Son petit garçon, son bébé.

Sur la table basse, il y avait un bouquet de roses blanches que Jacques avait achetées le matin même, et de quoi grignoter : des toasts variés, des parts de gâteau au chocolat, également concoctés par Jacques et Petit Paul dans la matinée. Et une bouteille de vin rouge, un vin charpenté du pied du Mont Ventoux.

Jacques & Marquand avaient pris place dans des fauteuils face au canapé.

Tous se jetèrent sur le plateau préparé par Jacques et en profitèrent pour savourer tranquillement le breuvage corsé que Marquand avait choisi, sauf petit Paul qui sirota un jus de fruits. Ils trinquèrent au retour d'Alice, avec chaleur et simplicité.

Jacques annonça que sa maison de Dijon l'attendait, et qu'il repartirait le lendemain.

Il regardait Marquand et son attitude protectrice envers Alice & Paul. Depuis longtemps il avait confiance en cet homme, malgré son caractère emporté.

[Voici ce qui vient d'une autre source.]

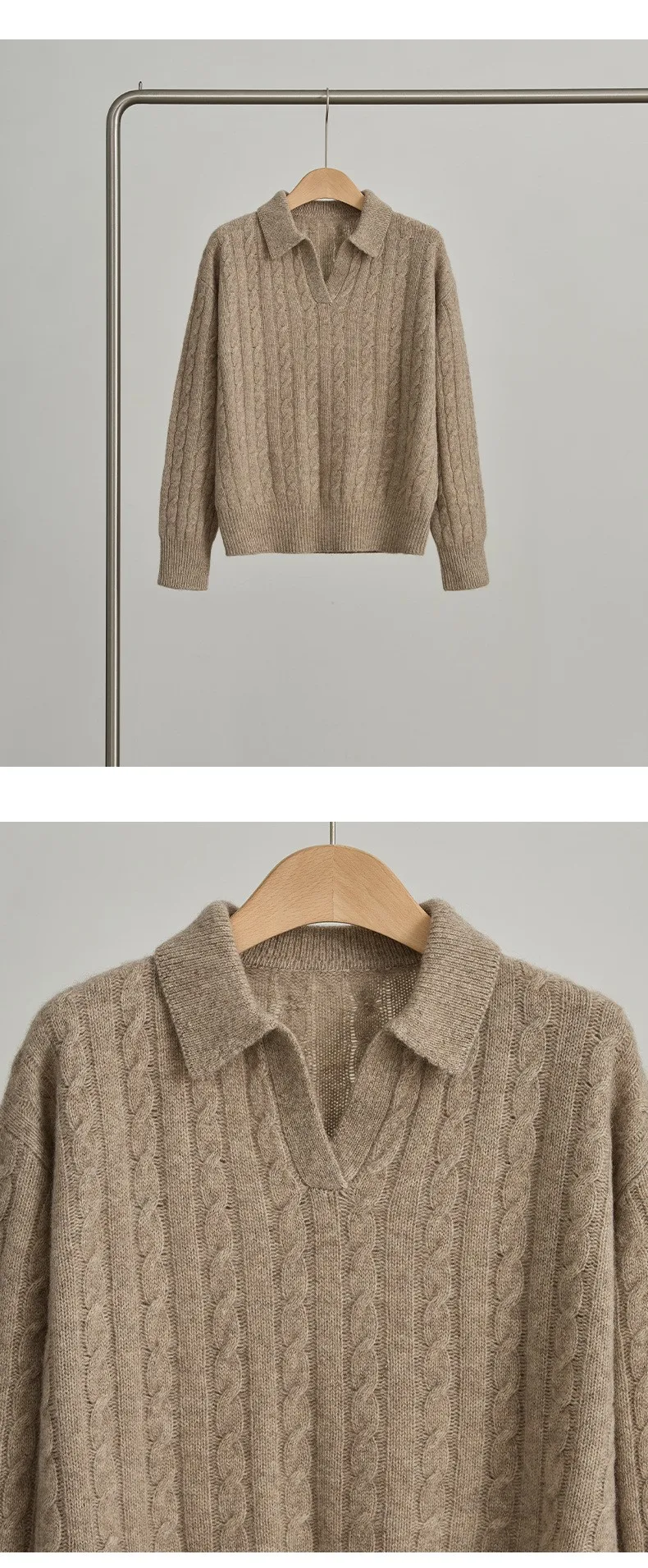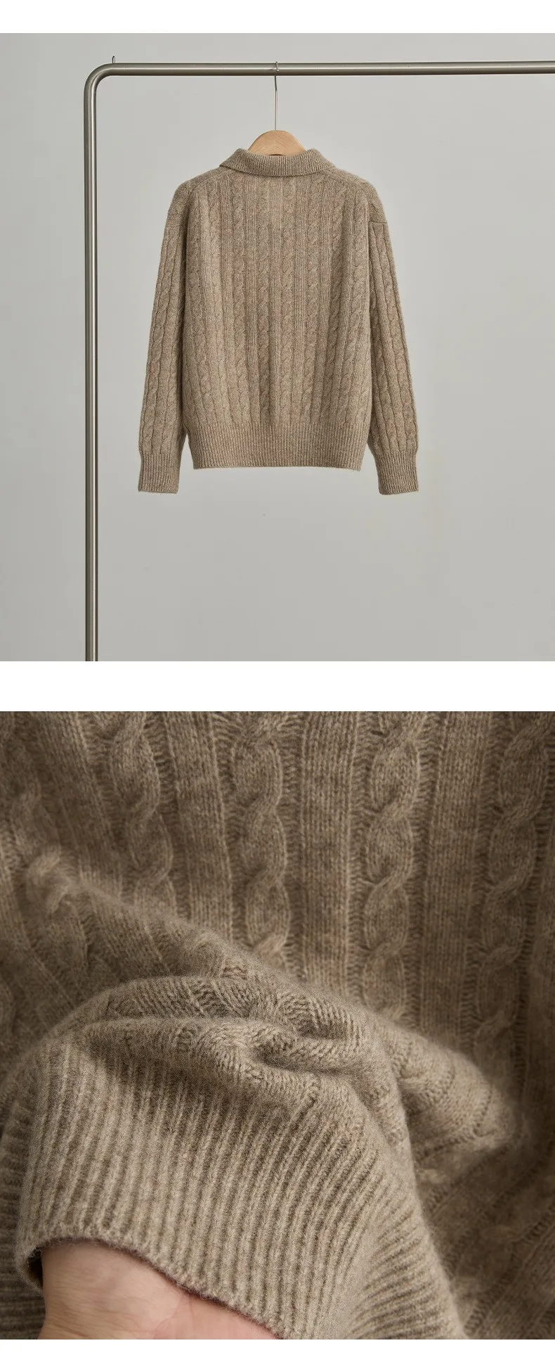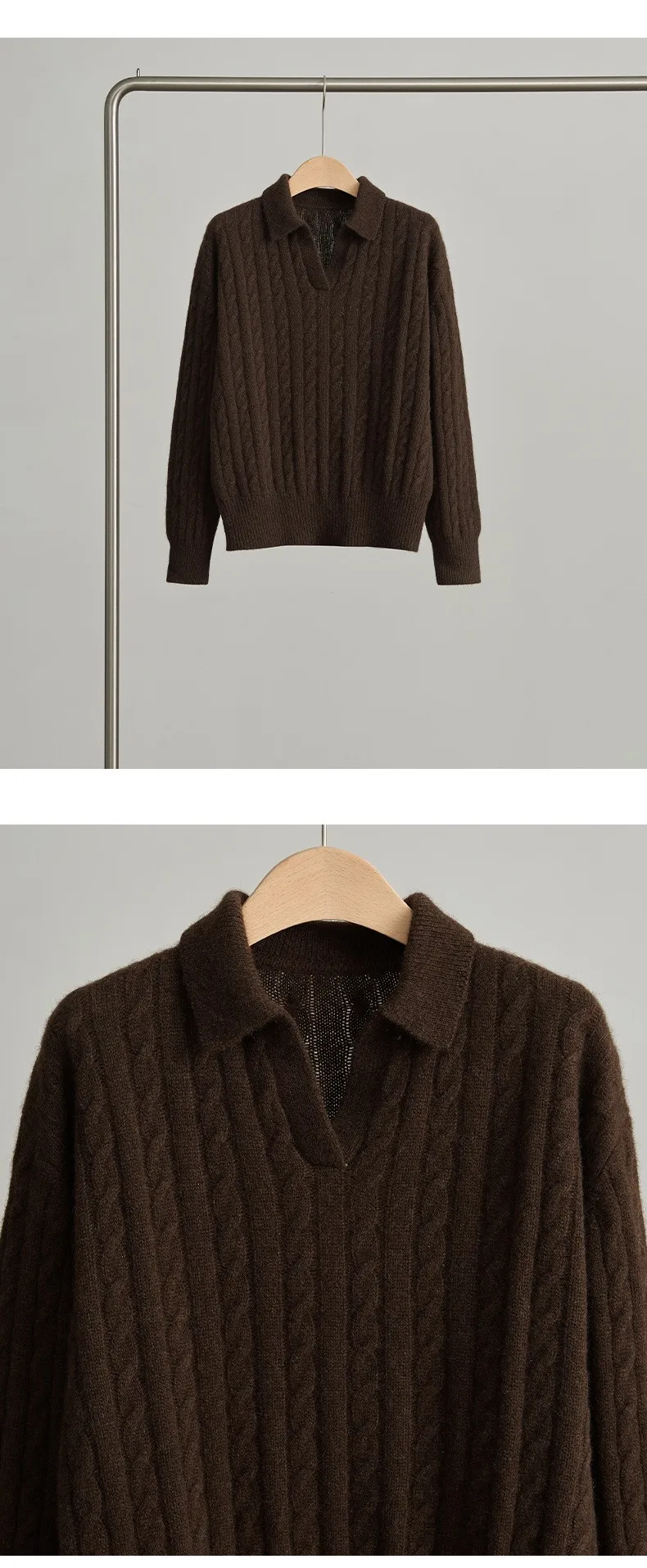 Women's Turn-Down Collar Twist Long Sleeve Thickened Pullover Sweater

Il s'amusait de le voir presque gêné, timide, retenant les gestes que visiblement il mourrait visiblement d'envie d'avoir envers Alice. Il osait à peine effleurer sa joue d'une caresse tendre lorsqu'il passait près du canapé. Il retenait son besoin de la rejoindre et de la serrer dans ses bras.

Vraiment, il était temps pour Jacques de s'éclipser...

***

Marquand eut soudain besoin de prendre l'air. Même s'il avait été heureux de partager ce moment de retrouvailles avec Alice, son père et son fils, il avait un peu de mal à trouver sa place. Et puis il était homme de mouvement, profondément instable.

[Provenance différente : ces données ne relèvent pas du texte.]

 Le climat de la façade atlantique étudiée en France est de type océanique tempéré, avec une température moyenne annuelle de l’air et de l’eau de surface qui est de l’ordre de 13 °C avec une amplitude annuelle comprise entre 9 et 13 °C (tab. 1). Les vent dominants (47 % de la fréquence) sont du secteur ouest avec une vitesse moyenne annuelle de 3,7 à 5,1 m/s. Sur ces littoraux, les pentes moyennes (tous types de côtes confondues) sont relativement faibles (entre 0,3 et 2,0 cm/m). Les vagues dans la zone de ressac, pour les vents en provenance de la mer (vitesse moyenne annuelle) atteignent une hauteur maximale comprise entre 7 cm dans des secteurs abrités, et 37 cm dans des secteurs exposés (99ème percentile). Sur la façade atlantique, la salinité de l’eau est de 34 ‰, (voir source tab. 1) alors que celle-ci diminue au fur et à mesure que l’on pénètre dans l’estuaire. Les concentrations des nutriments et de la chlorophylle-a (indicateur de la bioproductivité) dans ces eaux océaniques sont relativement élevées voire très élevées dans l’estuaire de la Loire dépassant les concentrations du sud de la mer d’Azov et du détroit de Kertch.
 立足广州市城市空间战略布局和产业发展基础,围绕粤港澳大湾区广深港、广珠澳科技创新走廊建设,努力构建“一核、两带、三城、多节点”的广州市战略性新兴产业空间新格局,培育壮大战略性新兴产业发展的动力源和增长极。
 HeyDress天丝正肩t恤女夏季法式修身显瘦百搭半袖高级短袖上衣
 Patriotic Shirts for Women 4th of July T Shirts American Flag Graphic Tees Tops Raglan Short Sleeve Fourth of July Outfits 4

Il saisit sa veste, déposa un baiser léger sur les lèvres d'Alice, sur le front de Paul, et salua Jacques d'un geste de la main, prévenant qu'il reviendrait plus tard.

La nuit commençait à tomber.

Il aimait bien la nuit, son univers particulier, cette ambiance qui changeait lorsque les gens aux horaires de bureau rentraient chez eux, laissant la place aux autres : les veilleurs de nuit, les infirmières, les flics, les dealers, les gens bizarres, les paumés, les fêtards. Avoir passé des années en planque, luttant pour garder les yeux ouverts, lui avait donné le goût de ce monde parallèle, excitant et dangereux.

Parfois, il avait besoin de respirer de cet air-là, même s'il n'était pas toujours sain.

Parfois, on trouve son oxygène dans une atmosphère trouble.

Il marchait dans les rues, sans émotion précise.

Juste le plaisir d'entendre le bruit des ses pas sur le trottoir et de sentir sa tête se vider. Non pas qu'il ressentait un quelconque sentiment négatif.

Juste le besoin d'évacuer le trop-plein d'émotions qu'il avait vécues ces temps derniers.

Juste le besoin de se sentir libre ; de maîtriser le cours des événements de sa vie.

Juste avoir le choix d'aller à gauche, à droite, en face.

Rien de bien compliqué en somme.

Juste la liberté de choisir et non de subir.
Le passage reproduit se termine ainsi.